1. Department of Genetics, Harvard Medical School, Boston, MA 02115
2. Institute of Genome Science and Policy, Duke University, Durham, NC 27708
3. Department of Genetics, Washington University, St. Louis, MO 63108
Correspondence should be addressed to: G.M.C (g1m1c1@receptor.med.harvard.edu)
1
ABSTRACT
We report a long-range multi-locus haplotyping method based on DNA polony
technology. By immobilizing thousands of intact chromosomes within a polyacrylamide
gel on a microscope slide and performing multiple amplifications from single molecules
(MASMO), we determined 5-locus haplotypes spanning a 153 Mb region of human
chromosome 7, and found evidence of rare mitotic recombination events in human
lymphocytes. Furthermore, the parallel nature of DNA polony technology allows efficient
haplotyping on pooled DNAs from a population with one slide. The patterns of linkage
disequilibrium (LD) established by haplotyping from pooled DNA are more accurate than
statistically inferred haplotypes.
2
TEXT
Haplotypes are important for mapping human disease genes, diagnosing loss of
heterozygosity in cancer, investigating cis-effects in gene expression, and determining
long range order in the face of DNA repeats, yet current molecular haplotyping
technologies are inefficient and limited to a short distance, usually less than 100 kb(1-4).

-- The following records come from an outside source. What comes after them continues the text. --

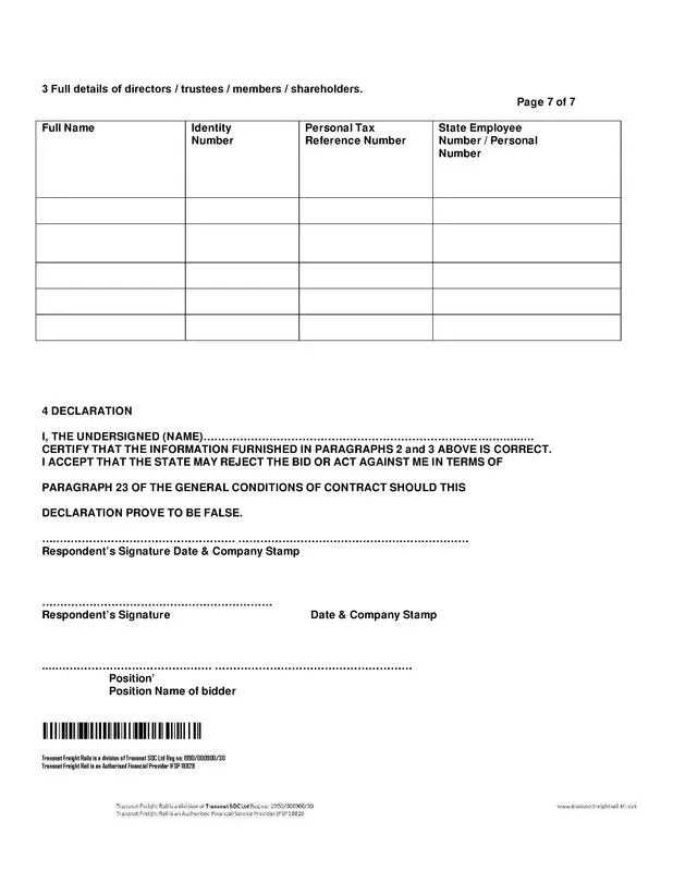 Transnet Freight Rail Tender Advice Centre
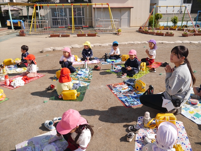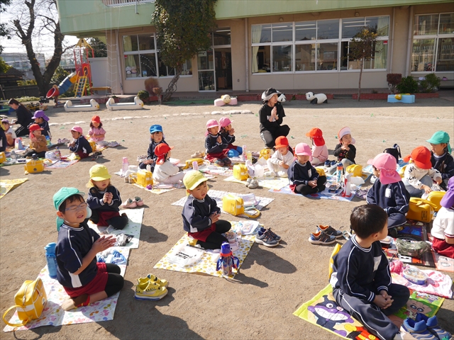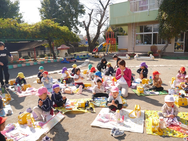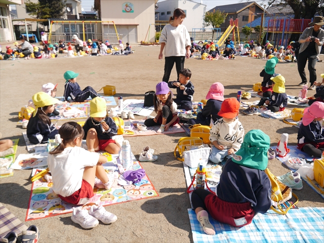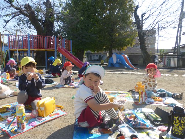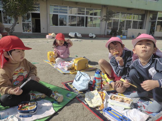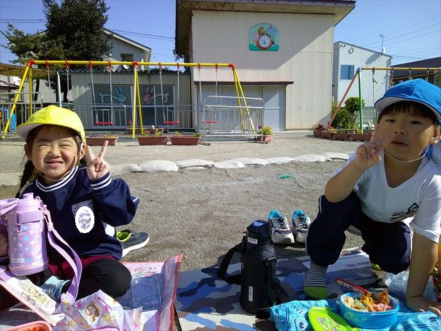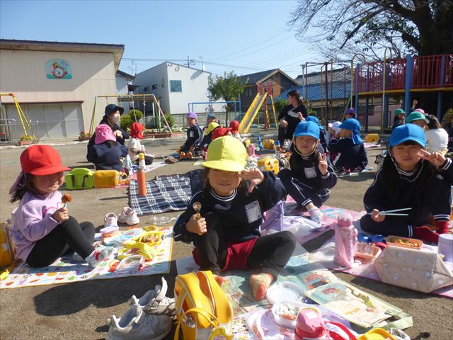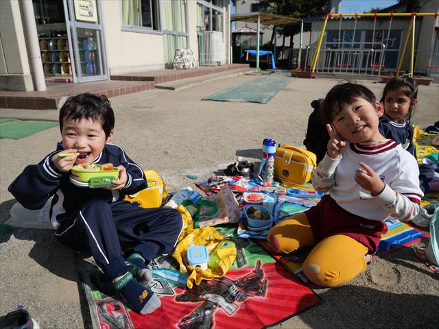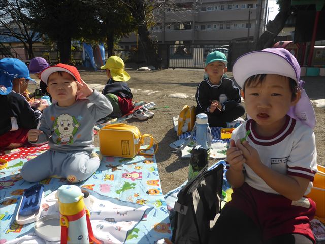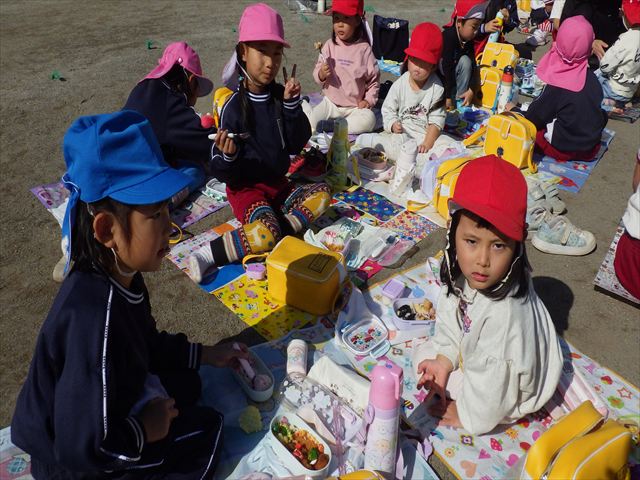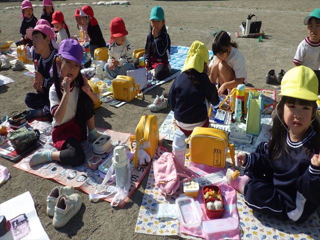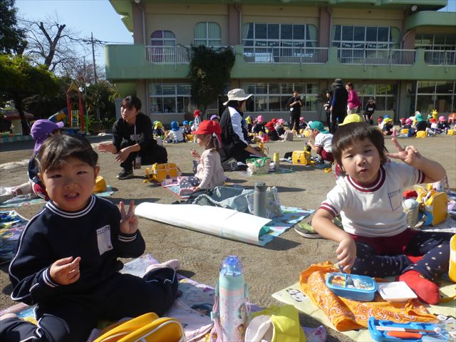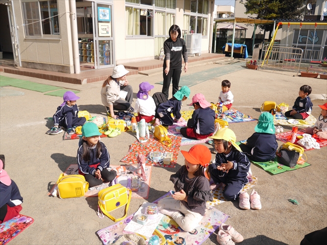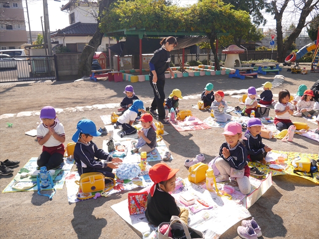 今日は、「ディスクドック」イベントあと、縦割り保育活動「会食」でした。秋の心地よい天候でしたので、園庭でみんな気持ち良く食べることができました。縦割りのバディの子と仲良くみんなで食べたので、「手作り弁当」も美味しさも倍増したようです!ごちそうさまでした!(^_^)b ヘ(^o^)/
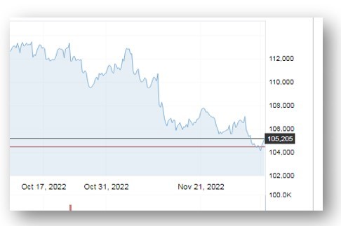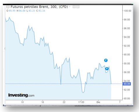El siguiente cuadro nos muestra la tendencia negativa en los precios del petróleo, en los últimos 30 días y la visible baja en los últimos dos días.
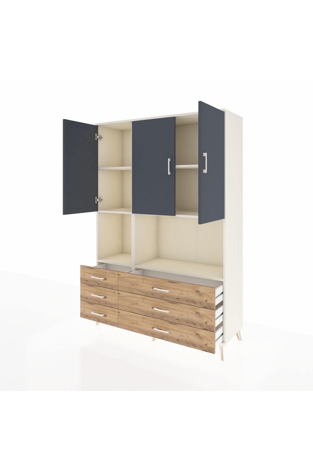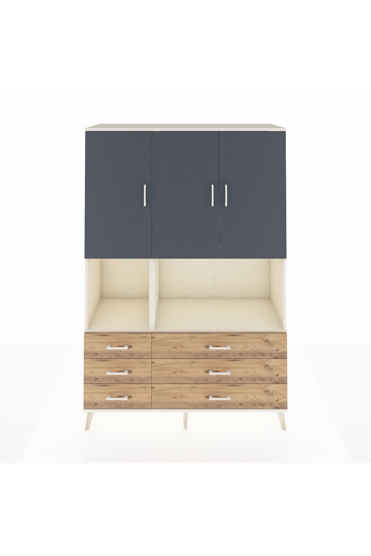 Hyperion Dolap 6 Raflı 6 Çekmeceli 3 Kapaklı 132x44x195 Aytaşı-Antrasit/Çam

Therefore, most association studies rely on haplotypes reconstructed from genotypes
using statistical methods(5-8), without taking account of the uncertainty in inference. The
variance of inferred haplotype frequencies often compromises the power of haplotype
analyses. For long-range (>100 kb) haplotypes, the accuracy of statistical methods has
not been rigorously evaluated because of the difficulty in experimentally determining
long-range haplotypes. Construction of somatic cell hybrids(9) is the only experimental
approach available, but this is only practical on a small sample size(10).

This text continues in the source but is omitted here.